Compute an index with an incomplete season at the end (Hellmann style):

>>> import numpy as np, pandas as pd, xarray as xr, icclim
>>> time = pd.date_range("2020-01-01", "2021-12-31", freq="D")
>>> tas = xr.DataArray(
...     np.full(len(time), 30.0),
...     coords={"time": time},
...     dims=["time"],
...     attrs={"units": "degC"},
... )
>>> slice_mode = ("season", ("1 november", "31 march"))
>>> result = icclim.index(
...     in_files=tas,
...     index_name="SU",
...     slice_mode=slice_mode,
...     allow_partial_seasons=True,
... )
>>> # The last season (2021-11-01 to 2022-03-31) is partial (61 days in 2021)
>>> int(result["SU"].values[-1])
61

Note

For the variable names see the correspondence table “index - source variable”

Below are some additional information about input parameters.

`in_files` and `var_name`#

The in_files parameter can be

A string path to a netCDF file or a zarr store
A list of strings to represent multiple netCDF files to combine
A xarray.Dataset
A xarray.DataArray
A python dictionary

var_name is an optional string, or a list of string, to clarify wich variables must be used from the input in_files. var_name can be omitted if the variables’ name can be guessed for standard indices.

For example Cold and Wet (CW()) index needs a daily mean temperature variable named ‘tas’ (or any of its aliases) and a precipitation variable ‘pr’ (or any of its aliases).
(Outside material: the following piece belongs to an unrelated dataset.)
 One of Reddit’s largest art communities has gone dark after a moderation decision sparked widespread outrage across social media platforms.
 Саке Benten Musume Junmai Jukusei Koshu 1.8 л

See StandardVariable for a list of all the aliases of each standardized variable. So, if a ‘mean_temperatures.nc’ contains a tas variable and ‘precipitations.nc’ a pr variable, the following is sufficient to compute CW.
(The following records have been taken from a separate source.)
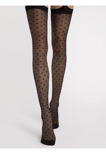 Découvrez ces élégants bas autofixants noirs qui combinent l'aspect résille avec un motif à pois et des jarretelles intégrées dans le tissu pour une illusion parfaite.
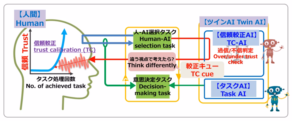 人間-AI協調意思決定において,信頼較正AIが人間の意思決定をモニターすることで人間がAIに対して過信/不信なのかを判定します.もし過信/不信が検出されると,人間に対してえん曲的に修正を促す刺激(較正キュー)を表出することで,人間が自ら信頼を較正していきます.この適応的信頼較正理論により,人間とAIの最適な信頼関係の構築を目指します.
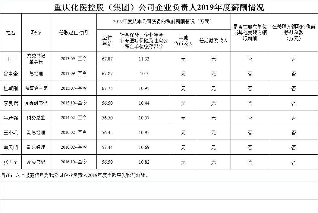 重慶化醫(yī)控股(集團(tuán))公司企業(yè)負(fù)責(zé)人2019年度薪酬情況

icclim.cw(in_files=["mean_temperatures.nc", "precipitations.nc"]).compute.CW

In case variables’ name cannot be guessed, you can explicitly name the variable you wish to read from the input file:

icclim.cw(in_files={"customTas": mean_temperatures.nc, "pr": "precipitations.nc"})

# equivalent to
icclim.cw(in_files=["mean_temperatures.nc", "precipitations.nc"], var_name=["custom_tas", "pr"])

The order in which variables are passed matters and must follow the input_variables property defined in the respective index of EcadIndexRegistry.

Starting with icclim 5.3, in_files can describe variable names, formerly set in var_name, as dictionary format. The dictionary keys are variable names and values are the usual in_files types (netCDF, zarr, Dataset, DataArray).

in_files = {"tasmax": "tasmax.nc", "pr": "precip.zarr"}

Moreover, this new dictionary syntax can be used to specify a different set of files for percentiles.

in_files = {"tasmax": "tasmax.nc", "thresholds": "tasmax-90p.zarr"}

The thresholds input should contain percentile thresholds that will be used in place of computing them. It allows to reuse pre-computed percentiles stored in a file. But the percentiles will not be bootstrapped.

Note

Percentiles can be saved with save_percentile parameter of icclim.index.

`slice_mode`#

The slice_mode parameter defines a desired temporal aggregation. Thus, each index can be calculated at annual, winter half-year, summer half-year, winter, spring, summer, autumn and monthly frequency:

Value (string)	Description
`year` (default)	annual
`month`	monthly (all months)
`ONDJFM`	winter half-year
`AMJJAS`	summer half-year
`DJF`	winter
`MAM`	spring
`JJA`	summer
`SON`	autumn
`['month', [4,5,11]]`	monthly sampling filtered
`['season', [4,5,6]]`	seasonal (1 value per season)
`['clipped_season', [4,5,6]]`	seasonal (1 value per season) spells starting before season start are not accounted
`3W`	A valid pandas frequency (3 weeks here)

The winter season (DJF) of 2000 is composed of December 2000, January 2001 and February 2001.

Likewise, the winter half-year (ONDJFM) of 2000 includes October 2000, November 2000, December 2000, January 2001, February 2001 and March 2001.

Monthly time series filter#

Monthly time series with months selected by user (the keyword can be either month or months):

# index will be computed only for April, May and November
slice_mode = ["month", [4, 5, 11]]
# index will be computed only for April
slice_mode = ["month", [4]]

User defined seasons#

You can either defined seasons aware of data outside their bounds (keyword season) or seasons which clip all data outside their bounds (keyword clipped_season).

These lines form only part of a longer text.